Si no estuviéramos mas que nosotros…, pero cuando el amor del Señor nos abraza y nos coge y nos dice «yo te quiero», y cuando Dios dice «yo te quiero», lo dice para toda eternidad; y cuando Dios se nos da, se nos da para siempre, no dice «hoy te quiero» y mañana, «como te has portado regular, pues dejo de quererte» o «me he cansado de ti». Dios no es así. El amor de Dios no es así. Y eso nos permite una alegría muy grande.

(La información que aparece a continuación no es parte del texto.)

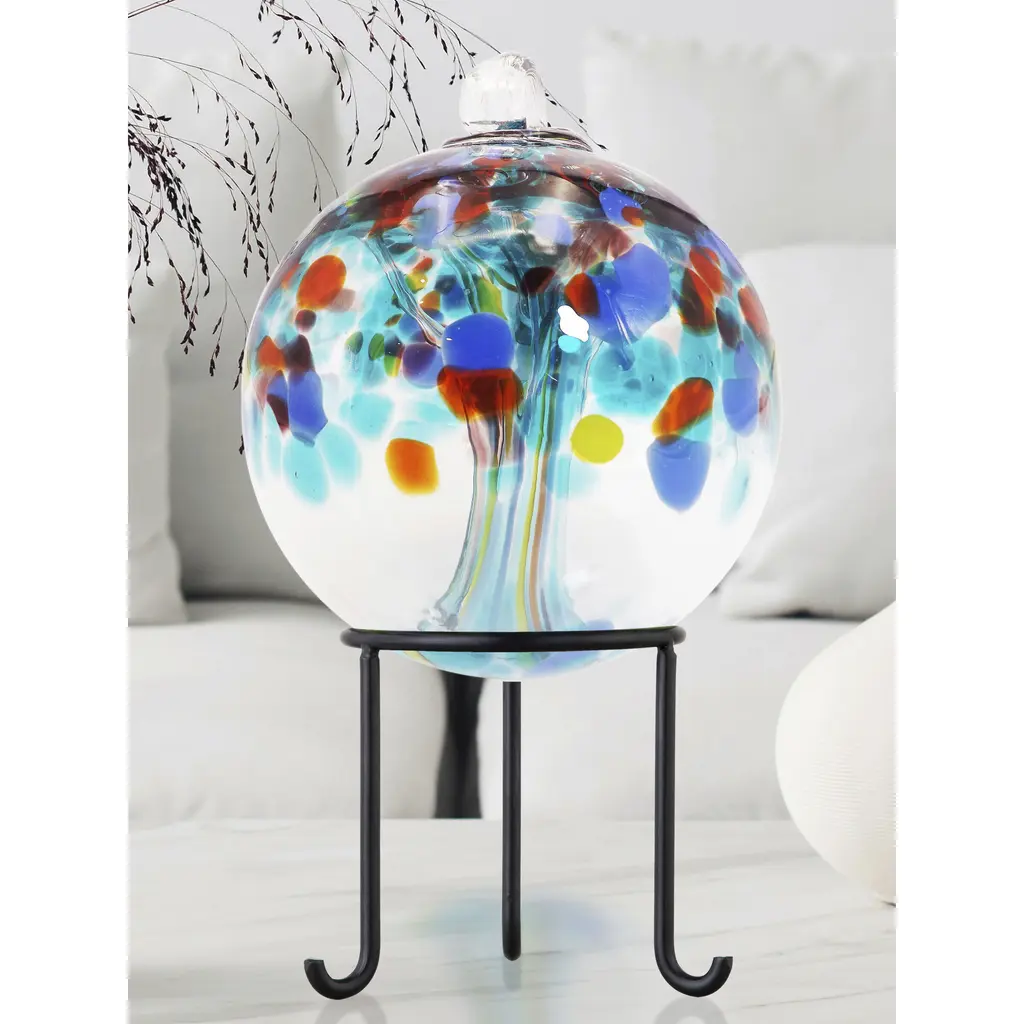 At Dale Tiffany, we strive to keep abreast of the latest home décor trends. As a result, we are pleased to present our Tree of Life Collection. The collection features an impressive array of Hand Blown Art Glass Ornaments in a variety of sizes and colors to suit every taste and décor. They are an effortless way to add a splash of color to any home, inside and out. Each Ornament is painstakingly hand blown using Favrile Art Glass. Each Ornament includes a clear glass loop at its top to facilitate hanging in any of the available stands, hangers, and garden stakes. Our hand blown process embeds color within the glass itself, which means that no 2 pieces are exactly alike and ensures yours are a dazzling one of a kind 3-dimensional art piece you will proudly display in your home or garden for many years to come. Due to the nature of handcrafted art glass, colors, sizes and patterns may vary slightly. (Stand or Metal Hanger Not Included) "Devotion": a bold celebration of blues, reds, yellows and ambers in an abstract tree pattern, against a clear glass background that will add a bright pop of color to any decor. Also available in 4“ and 8“ diameters.

Yo sólo quiero subrayar una cosa que me parece muy importante decírosla: que no sois vosotros los que hoy os confirmáis, aunque usemos ese lenguaje. Por lo tanto, de nuevo eso que he dicho al principio, que el cristianismo no son cosas que nosotros hacemos por Dios, sino cosas que Dios hace por nosotros. Los Sacramentos son cosas que Jesucristo hace por nosotros. ¿Y qué es lo que hace Jesucristo por nosotros? Sólo una cosa, en todos los Sacramentos, desde el Bautismo hasta el Orden Sacerdotal o el Matrimonio: darse a nosotros. Entonces, el Señor se entregó a nosotros de una vez por todas en la Cruz. Vosotros participáis ya de esa alianza, de ese amor por el Bautismo. Por eso hemos hecho (no es por querer hacer un rito medio mágico o así) lo de la aspersión con agua bendita: es un recuerdo del Bautismo. En el Bautismo nosotros hemos acogido el don de Cristo, hemos acogido la alianza que Él hizo en la cruz con cada uno de nosotros y el don de su vida que Él nos ha entregado, y hoy Él confirma esa alianza, Él confirma ese regalo, Él confirma ese don, y eso hace que nuestra alegría sea verdadera.

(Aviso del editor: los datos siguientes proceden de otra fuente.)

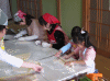 | 少し不格好なのやら大きいの小さい の、いろいろできあがりましたが、苦 心惨憺してできあがった餅は格別お いしく感じられました。 |

Porque si vinierais aquí con la conciencia de que venís aquí como a hacer un propósito en público de que a partir de hoy vais a ser muy buenos, pues la primera vez que rompierais ese propósito, después de -¿cuánto tiempo os habéis estado preparando para la Confirmación?- cuatro años, pues imagínate que en Navidad con motivo de algo, o cualquier día, vuelve a haber una discusión en casa y vuelve uno a hacer algo que te han dicho veinte veces que no hagas, o te pones a ver el culebrón en el momento que tienes que ponerte a estudiar, o sabes que hay que estudiar pero es que estaba tan emocionante que… lo que sea. Dices: ¿qué hago? ¿Volver a prepararme otros cuatro años para volver a confirmarme? No, no sería lo propio, no volveríais tampoco. Por lo tanto, no pongáis el acento en que vosotros hacéis un propósito de que vais a ser muy buenos, muy buenos de ahora en adelante y nunca más vais a meter la pata. Creéis en el Señor, sabéis lo que el Señor puede daros y queréis seguirLe. Basta. Dios no pide nunca más que eso. Y el acto de fe de decir «Señor, creo en Ti» es la respuesta a Su amor y es acoger ese amor Suyo en nuestras vidas, acogerlo una vez más.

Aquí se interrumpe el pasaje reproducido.